Notwithstanding the favorable disposition to Homestead declarants and debtors, the court also acknowledged that "liberal construction does not mean that the courts could extend the protection of the homestead exemption when doing so would contradict the plain and unambiguous language of the statute." Id., referring to Shamban, supra, 429 Mass. at 53-54, 705 N.E.2d at 1139.
Turning to the Homestead statutes, the court examined sections 1 and 1A and, with emphasis, focused on the plain language of section 2: "The acquisition of a new estate or claim of homestead shall defeat and discharge any such previous estate". Consequently, the section 1A declaration and corresponding Homestead exemption was defeated and discharged by the subsequent section 1 declaration and the debtor's Homestead exemption was reduced to $300,000.

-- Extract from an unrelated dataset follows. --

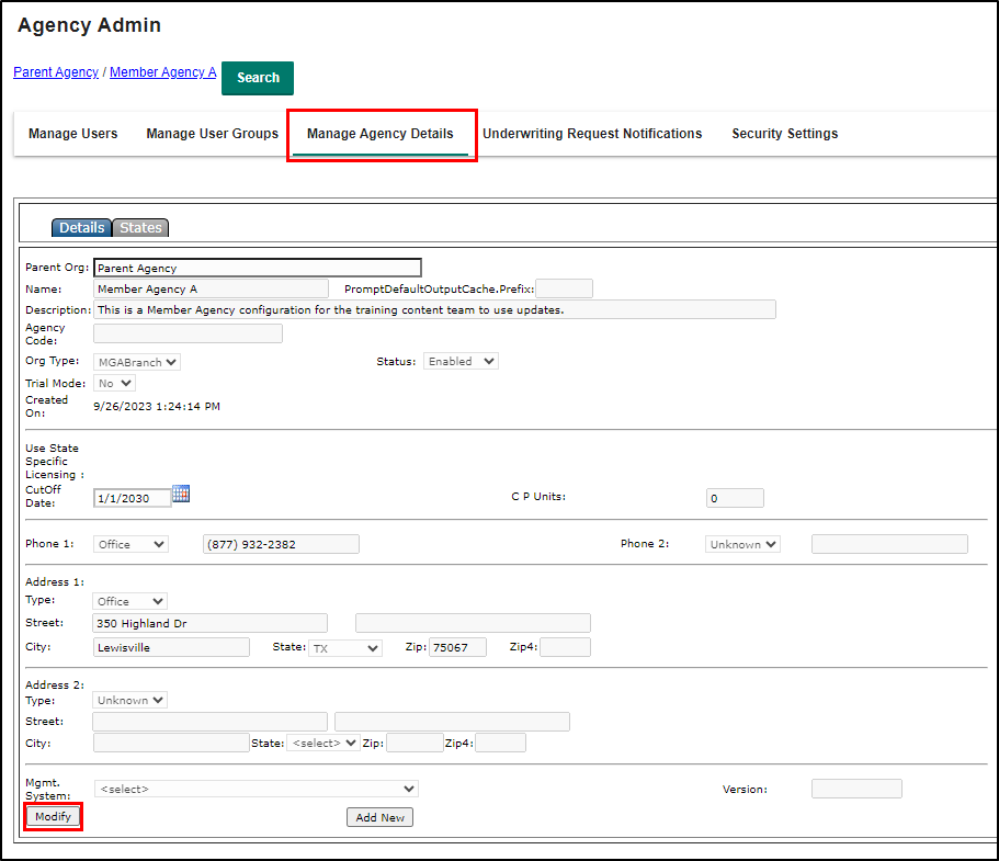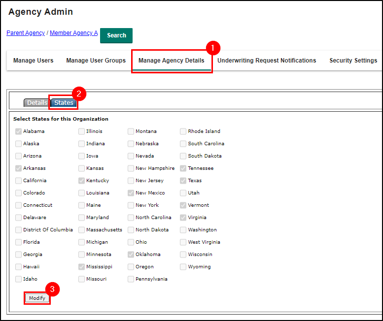 3. Select Manage Agency Details. This will refresh the page and display the member agency's details. Select the States sub-tab. This will also refresh the page and display the states for the member agency. Select Modify at the bottom of the page. This will make the checkboxes available to select.

With this court's interpretation in mind, the declaration of a new Homestead will most likely discharge an existing Homestead by operation of section 2. In addition to debts and liens existing prior to the original Homestead and debts contracted for the purchase of the home, a homeowner might be exposed to any matters or claims arising between the filing date of the original Homestead and the filing date of the new Homestead. See c. 188, §§1(2) and 1(3). However, this is more of a concern in a state court action than it would be in a bankruptcy. See e.g., Patriot Porfolio, LLC v Weinstein (In re Weinstein), 164 F.3d 677 (1st Cir., 1999), cert. den. 527 U.S. 1036, 119 S.Ct. 2394, 144 L.Ed.2d 794 (1999) (exceptions for prior contracted debts and preexisting liens from Homestead protection under G.L.c. 188, §1 are not impediments to avoidance because state exceptions are preempted by Bankruptcy Code §522(c)) and In Re Ballirano, 233 B.R. 11 (D. Mass., 1999) (reasoning of Weinstein applies equally to c. 188, §1(3), debts contracted for purchase of home, and, in this case, debt incurred in constructing the home).
Caution should be exercised if this option is chosen.
Final thoughts. The above discussions were driven by a fact pattern in which both spouses own the Homestead property and one spouse declares a Homestead. Occasionally, an individual may own property in his or her name, alone, and declare a Homestead. If that same individual is refinancing (or selling for that matter) his or her property, then inquiry must be made of that individual's marital status. If married, that individual's spouse's Homestead rights must be specifically addressed.
In the context of a mortgage refinance, the non-record spouse should waive or subordinate the Homestead rights by either executing the mortgage (and add specific subordination language for clarity's sake) or by separate instrument.
In a sale, the non-record spouse should release the Homestead rights by executing the deed or by separate instrument.